Science journalist Sabin Russell writes in the San Francisco Chronicle about a program conducted by Dr. Douglas White at Highland Hospital in Oakland. For the last year and a half, they’ve offered free HIV tests to people coming into their emergency room. So far, 8,000 people have taken the oral tests, which takes 20 minutes to bring in a result. And the bottom line? 101 people were found to be HIV-positive. 101 people who wouldn’t otherwise know it.
Not happy news, but the CDC tells us that people who don’t know they are carrying HIV transmit the virus to others at a rate 3.5 (read “three and a half”) times greater than those who are aware of their status. A classic case of
“knowledge is power,” Especially coupled with that old reporter’s gem “What did you know? When did you know it? And what did you do once you found out?”
With testing presumably becoming routine, something else was dropped by the wayside – the required pretest counseling session. These sessions made sense when only high-risk folks were being tested, and the pretest counseling set the stage for posttest emotions, behaviors and courses of action.

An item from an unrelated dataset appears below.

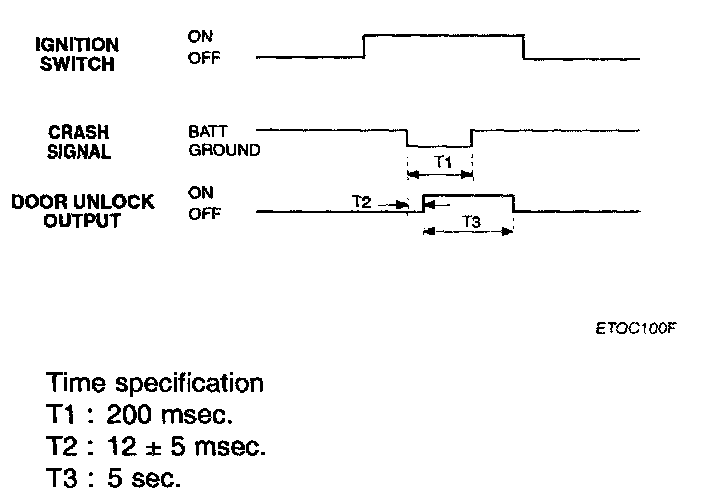 If IG1 is on and a crash signal is received, send an unlock pulse to the door locks. Unlock signal must occur within 12 ± 5 m sec after crash signal is received. Unlock pulse is 5 sec period. If crash unlock is not used in a particular variant then the crash input is to be left floating.

Which got me to thinking about the program at Highland Hospital. You come in with a sprained ankle, and you leave HIV-positive. Now you can bet that the hospital worked out quickly how to deliver this news and work with the patient from there. But now, every doctor in America is going to have to ready himself or herself for dealing with this, one more thing on their plate that technology has served up.
No doubt from a societal point of view, this is the right step, but from an individual’s point of view, it’s rough. Besides the news itself, there’s always the question of how HIV entered the picture. At a time when marriages need to be their strongest, the specter of betrayal looms large in its own right. When parent-child bonds need to be at their most nurturing, the devastation of hopes and dreams, grief and loss are further complicated with the notion that this all could have been avoided.
Knowledge may be power, but that’s the logical analysis. It doesn’t begin to address the toll in human emotion.
I'm Moira Gunn. This is Five Minutes.